*** Opening of RECORDS SHOWN ***
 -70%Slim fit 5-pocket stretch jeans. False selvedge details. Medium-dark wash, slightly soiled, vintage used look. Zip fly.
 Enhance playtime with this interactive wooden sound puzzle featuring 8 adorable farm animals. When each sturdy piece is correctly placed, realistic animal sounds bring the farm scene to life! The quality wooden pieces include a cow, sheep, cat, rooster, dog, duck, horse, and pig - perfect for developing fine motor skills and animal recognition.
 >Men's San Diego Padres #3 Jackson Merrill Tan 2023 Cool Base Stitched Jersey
*** Close of RECORDS SHOWN ***
*** Opening of RECORDS SHOWN ***
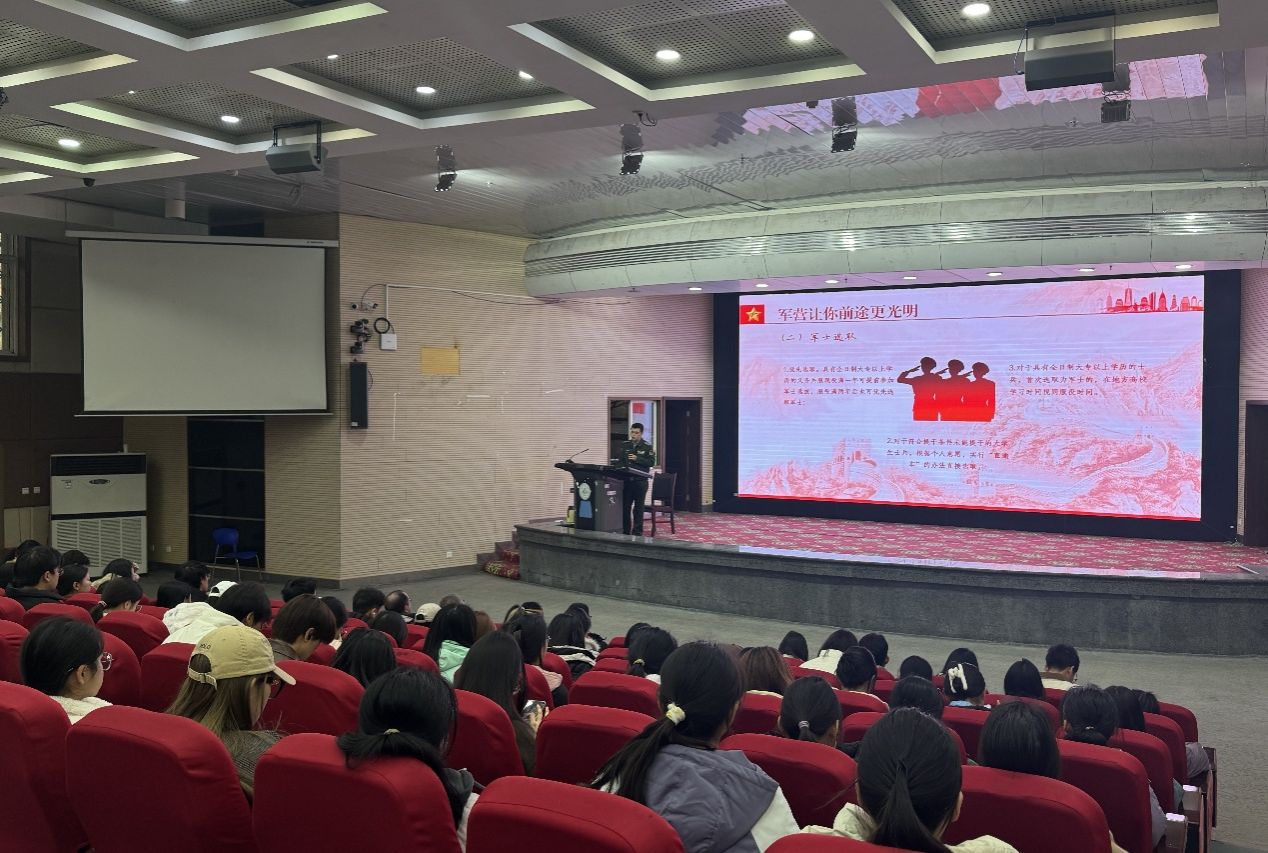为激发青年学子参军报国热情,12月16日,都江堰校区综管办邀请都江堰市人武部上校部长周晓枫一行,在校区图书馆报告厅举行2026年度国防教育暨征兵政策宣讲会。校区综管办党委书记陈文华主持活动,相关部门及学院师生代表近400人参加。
*** Close of RECORDS SHOWN ***
**EXERCISE PROMPT**
From the records above, copy only the lines starting with the line that holds "-70%Slim fit 5-pocket" and going on through the line that holds "Base Stitched Jersey", exactly as written.

**OUTPUT**
 -70%Slim fit 5-pocket stretch jeans. False selvedge details. Medium-dark wash, slightly soiled, vintage used look. Zip fly.
 Enhance playtime with this interactive wooden sound puzzle featuring 8 adorable farm animals. When each sturdy piece is correctly placed, realistic animal sounds bring the farm scene to life! The quality wooden pieces include a cow, sheep, cat, rooster, dog, duck, horse, and pig - perfect for developing fine motor skills and animal recognition.
 >Men's San Diego Padres #3 Jackson Merrill Tan 2023 Cool Base Stitched Jersey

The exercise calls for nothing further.